Even though only a few months had passed since my winter trip, I could see that people were in a more subdued, resigned mood, almost like wartime. Dennis Gulyayev, my contact at the Russian Space Agency, was actually hostile. “Your bankers did this to us,” whatever this was.
So I was on my own reaching Yuri Ribko, calling his flat from the Penta Hotel one night, in between charmingly accented messages from various prostitutes offering to drop by.
At Ribko’s, a woman answered, in English. “Oh, yes, I’m sure he’d like to talk to you.”
Yuri answered, quickly determined where I was, and offered to come down and see me. “You won’t have any luck traveling out here.”
He hung up before I could ask the name of the woman on the phone. Katya?
Yuri was limping as he entered the lobby of the Penta. He looked thinner, paler. “I tripped on the street, like a drunk,” he said, when I expressed concern. “Stone-cold sober, too.”
We found a quiet place in the hotel bar, not an impossible task on this weekday night. “Nineteen sixty-seven was a terrible year for everyone,” Ribko said suddenly. “You lost your Apollo astronauts in January, and then had all these other accidents.” It was true: 1967 was a black year for American astronauts.
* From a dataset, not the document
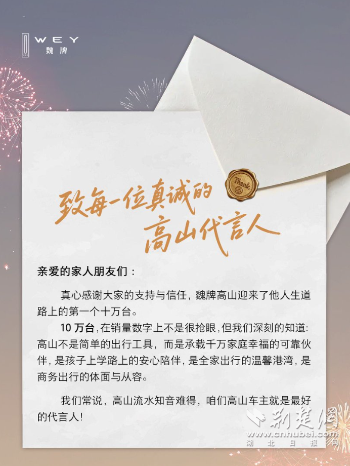 站在10万辆的里程碑上回望,魏牌高山用连续7个月销冠的成绩证明了自己在高端新能源MPV市场的统治力。从“幕后卷王”到“台前显眼包”,魏牌高山用软硬实力的双出圈,诠释了什么叫做“冠军的自我修养”。台前一分钟的高光,幕后十万台的坚守——这份反差,让魏牌高山的冠军形象不止于销量数字,更有了沉甸甸的品质底色和情感温度。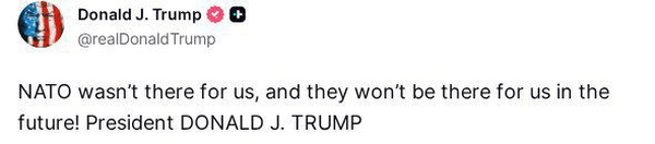 گروه بین‌الملل خبرگزاری فارس، رئیس جمهور آمریکا دونالد ترامپ لحظاتی پیش در پیامی در شبکه اجتماعی سوشال تروث خشم خود از عدم همراهی ناتو با آمریکا در قبال ایران نوشت «ناتو نه در گذشته به داد ما رسید، نه در آینده به داد ما خواهد رسید!»

In addition to Grissom, White, and Chaffee, two other NASA astronauts died in accidents (car and airplane crashes) while one of the Air Force’s Manned Orbiting Laboratory astronauts got killed at Edwards. The X-15 had its first fatal crash in 1967, too.
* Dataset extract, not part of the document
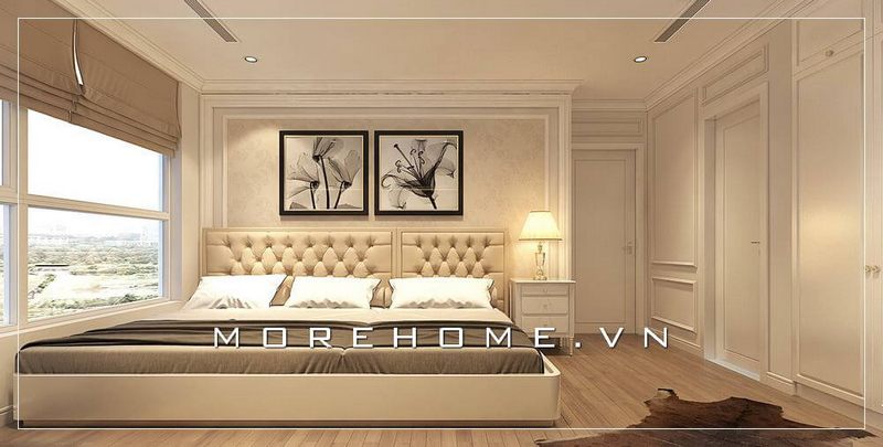Thiết kế giường ngủ chung cư cao cấp phong cách tân cổ điển sang trọng, tiện nghi

“We lost Komarov, then had two L-1 missions fail miserably. They never even reached orbit.” I had my notes on these: L-1 Number 4 failed on September 18, 1967, when only five of the six engines in the first stage of its Universal Rocket lit as planned, a failure that allowed the L-1 to make a successful test of the launch escape system.
L-1 Number 5, launched November 21, 1967, got a little higher before the second stage of its Universal Rocket failed. The launch escape system was tested again, landing the reentry module some 285 kilometers downrange.
“There was one triumph,” Ribko said. “We finally got two Soyuz ships docked in orbit, and returned them safely.” He was talking about the Cosmos 186 and 188 missions of late October 1967, which accomplished a tricky automatic docking in space, before separating and reentering separately. “Even then, the damned orientation system on one of the craft failed and it made a ballistic reentry, just like poor Komarov.”
“Did it crash?”
“No. We’d solved the parachute problem by then.” He went on to tell me how the commissions investigating the Komarov disaster had taken two months to come to the official conclusion that the parachutes had been packed improperly. “The real problem, I found out later,” Ribko said, “was that during a thermal test of both spacecraft, some idiot left the covers off the parachute canisters. The heat melted parts of the canisters and prevented the ’chutes from coming out cleanly. Neither ship was safe to fly.
“This means that even if the other problems hadn’t happened, if we had gone ahead and launched Soyuz 2, we would have had four dead cosmonauts, not just one.”
As for the Americans, 1967 was a time for regrouping. Only on November 7 of that year, the very day Ustinov and the Central Committee had once hoped to mark with a manned L-1 flight around the Moon, NASA launched the first of its giant Saturn 5 moon rockets, a spectacular success. “Yes, the Saturn V-5,” Ribko insisted on calling it, noting its genesis in the design of the Nazi V-2 rocket, and its builder, Wernher von Braun.